Garlic crostini are a delicious accompaniment to this salad and take only minutes to prepare. To make them, preheat an oven to 400°F. Cut a baguette into 1/2-inch slices, brush with olive oil and place on a baking sheet. Bake until golden, about 5 minutes. Peel a clove of garlic and rub it onto each warm slice of bread.

Ingredients:

  • 3 thick-cut bacon slices, chopped
  • 2 tsp. white wine vinegar
  • 1 minced shallot
  • Freshly ground pepper, to taste
  • About 3/4 lb. baby spinach
  • 1 lb. sea scallops, side muscles removed

Directions:

In a fry pan over medium heat, cook the bacon, stirring occasionally, until crisp, about 5 minutes.

Meanwhile, in a large bowl, stir together the vinegar, shallot and a pinch of pepper. Add the spinach and toss to coat with the vinegar mixture. Using a slotted spoon, transfer the bacon to the bowl of spinach, then drizzle 2 Tbs. of the bacon fat over the spinach and toss quickly to combine. Divide the spinach mixture among individual plates. Reserve the remaining fat in the pan.

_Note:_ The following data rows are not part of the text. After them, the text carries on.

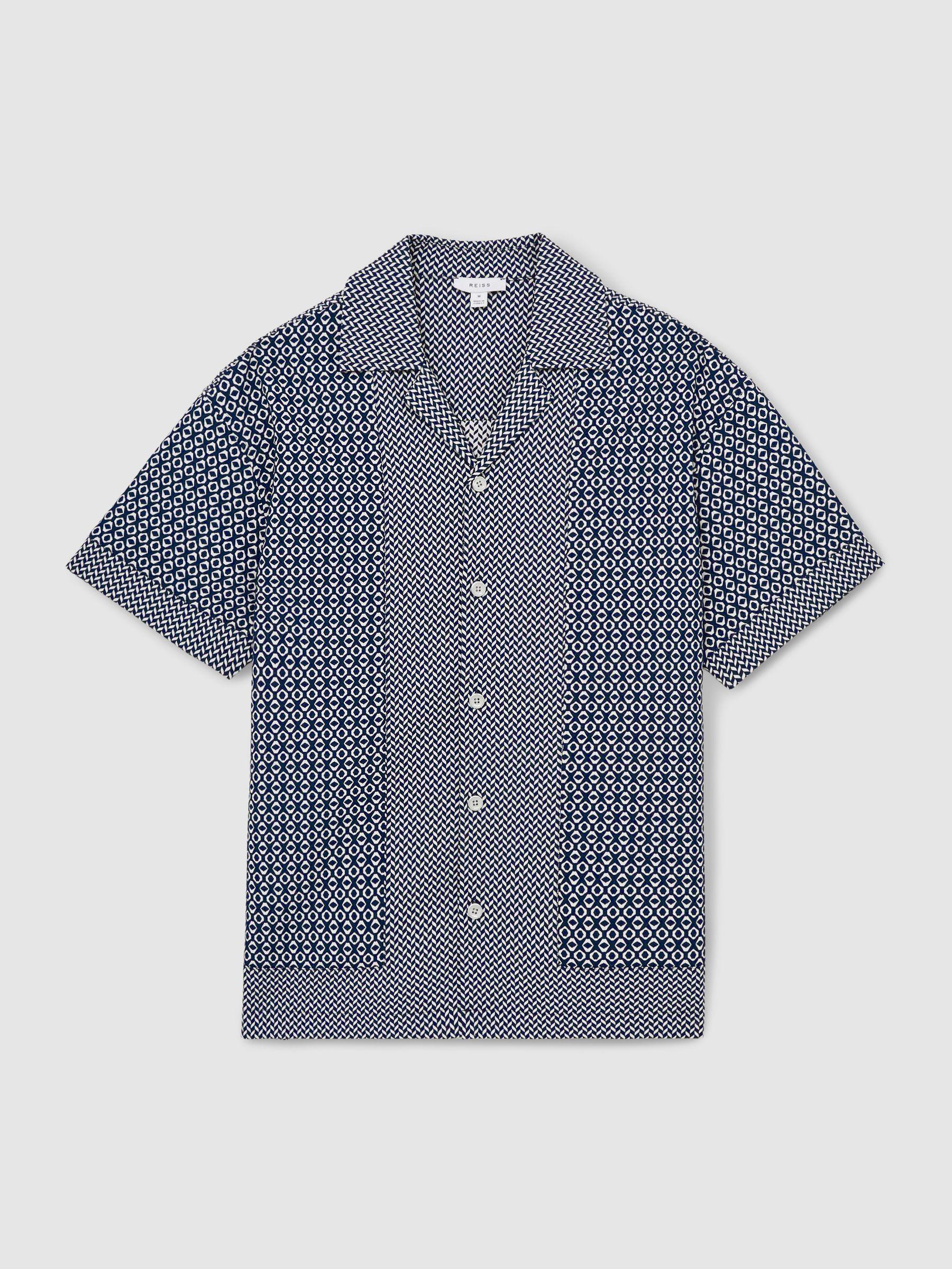 The Matisse shirt is crafted with textured geometric jacquard panels for a bold, artistic look. A Cuban collar maintains a relaxed look, while a French button placket offers a seamless finish. Crafted with cotton. Textured geometric jacquard. Cuban collar. Short sleeves. French button placket.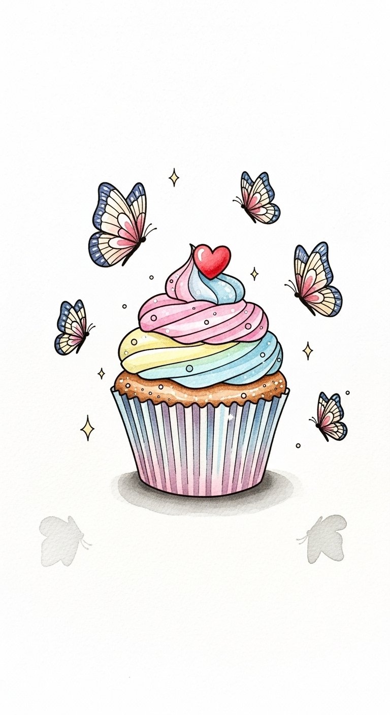 A delightful cupcake surrounded by butterflies creates a whimsical tableau that sparks joy and imagination. This enchanting design celebrates cupcake symbolism, representing sweetness and indulgence, while butterflies signify transformation and freedom.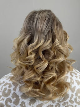 укладка волос со стайлинговыми средствами.

Return the fry pan to medium-high heat and add the scallops. Cook, turning once, until golden brown on both sides but still slightly translucent in the center, about 2 minutes per side. Arrange on the spinach and serve immediately. Serves 4.

Adapted from Williams-Sonoma Food Made Fast Series, Seafood, by Jay Harlow (Oxmoor House, 2007).